На протяжении ночи Надя несколько раз приходила в себя и опять теряла сознание, засыпала и снова просыпалась. Но каждый раз, когда она открывала глаза, видела перед собой внимательное, обеспокоенное лицо Богдана. Иногда её тошнило. И он подавал ей миску, прикладывал ко лбу мокрое полотенце. Утром её увезли в Киев.
Ул. маршала Жукова, 10. Остановка метро «Дарницкая»
Повторял Богдан, как завороженный, адрес больницы после того, как за носилками с Надей закрылась дверца скорой помощи, увозящей её в столицу.
— Ей даже героя не дадут, — услышал он за спиной хрипловатый голос.
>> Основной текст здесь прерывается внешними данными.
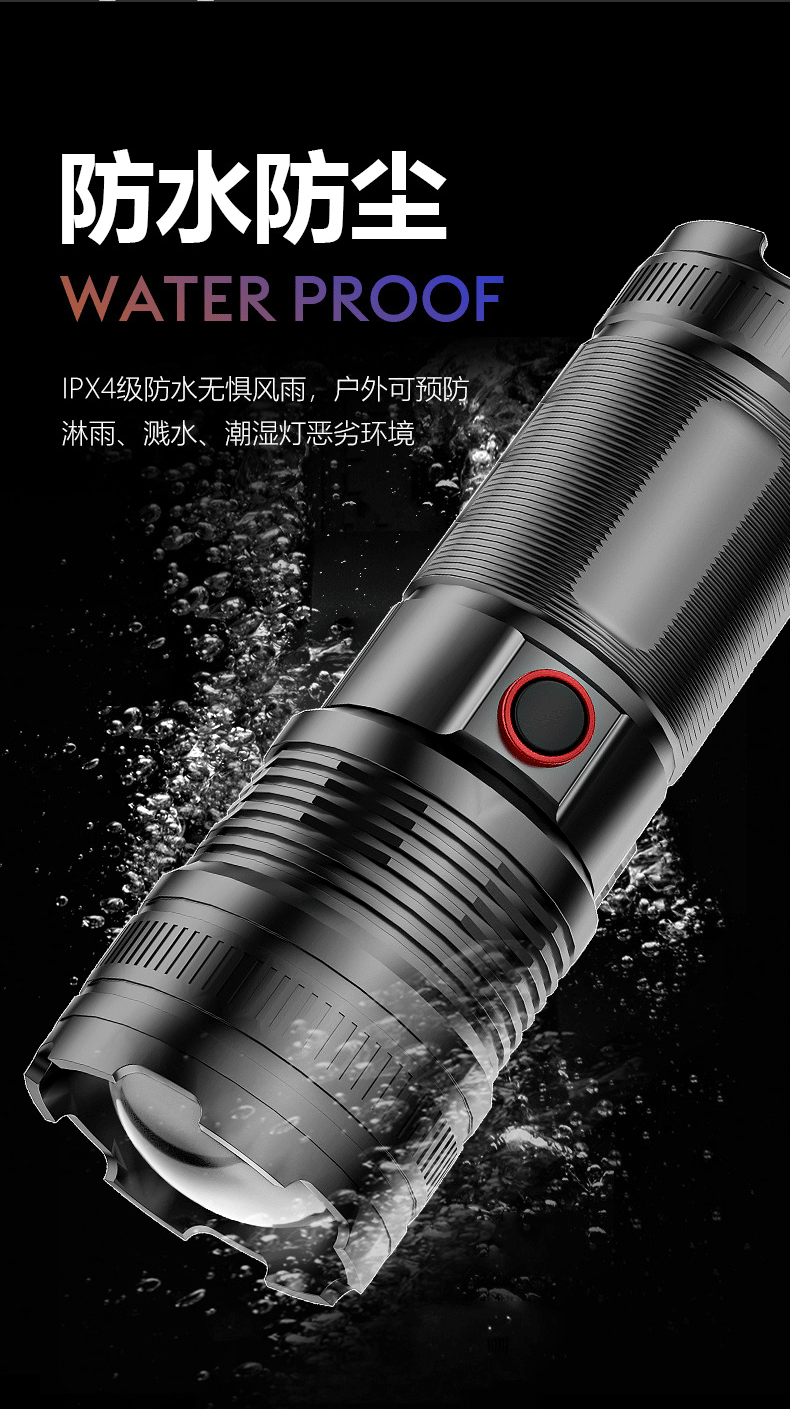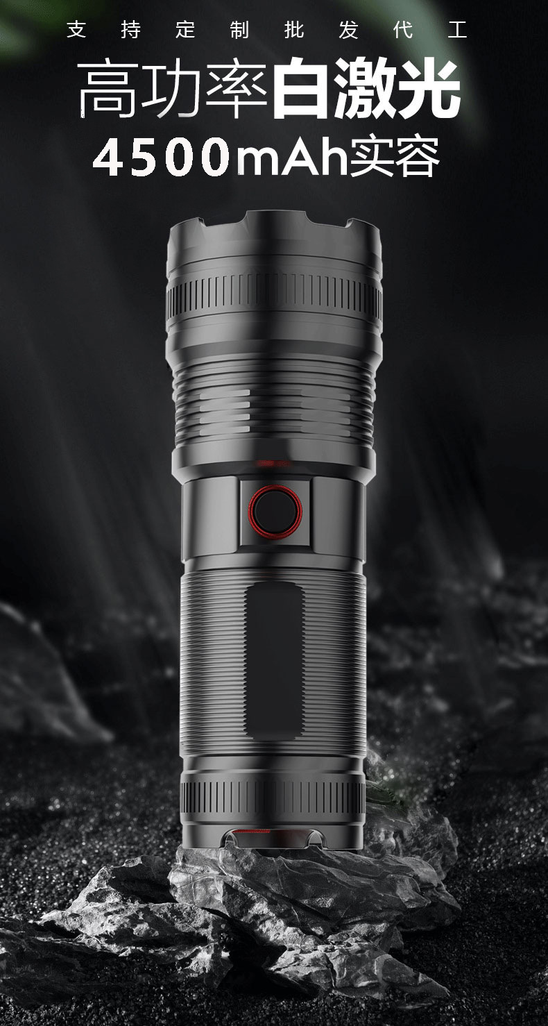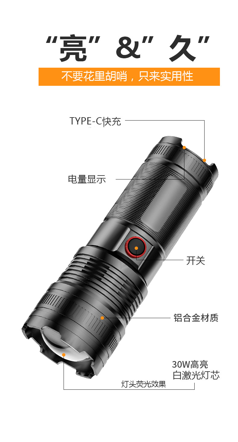 Senter laser putih baru dengan zoom teleskopik, pengisian daya TYPE-C multifungsi, cahaya kuat untuk luar ruangan, baterai tahan lama.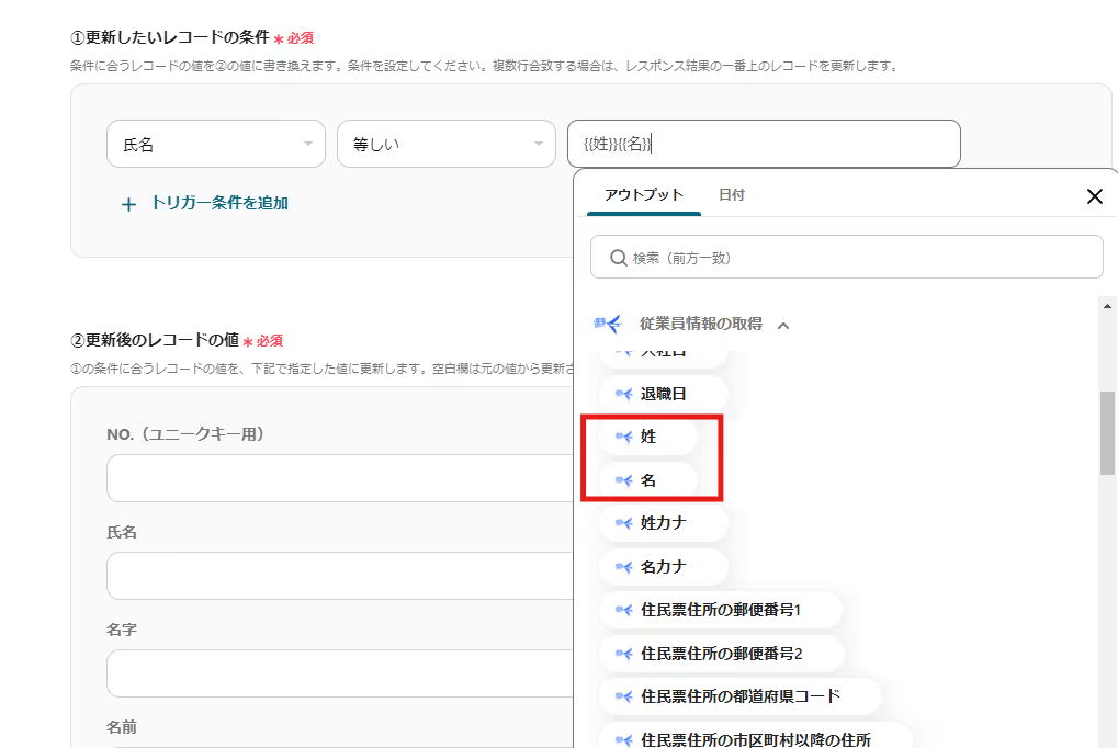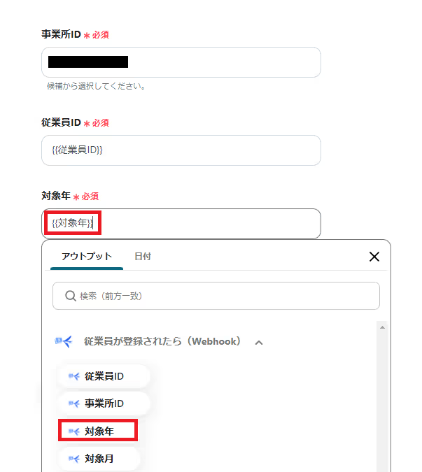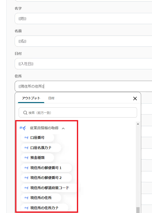 入力欄をクリックすると、freee人事労務の取得した値が使用できるので該当のデータを設定しましょう。

Вздрогнул. Оглянулся. Пожилая расплывшаяся женщина в грязном, когда-то белом халате, с ведром и шваброй, с сочувствием смотрела на увозящую Надю машину скорой помощи. Он уже открыл было рот, чтобы сказать резкость этой женщине, но вдруг приказал себе:
«Не раскисать».
Повернулся к санитарке:
— Помолись за нас, мамаша…
Два следующих месяца он жил на автомате, по расписанию курьерского поезда. Весь день искал, находил, допрашивал, заполнял протоколы и свидетельские показания, передавал дела в суды. После работы в начале восьмого вечера садился в автобус, следующий по маршруту Чернобыль — Киев, чтобы наутро в 5:45 направиться в обратный путь.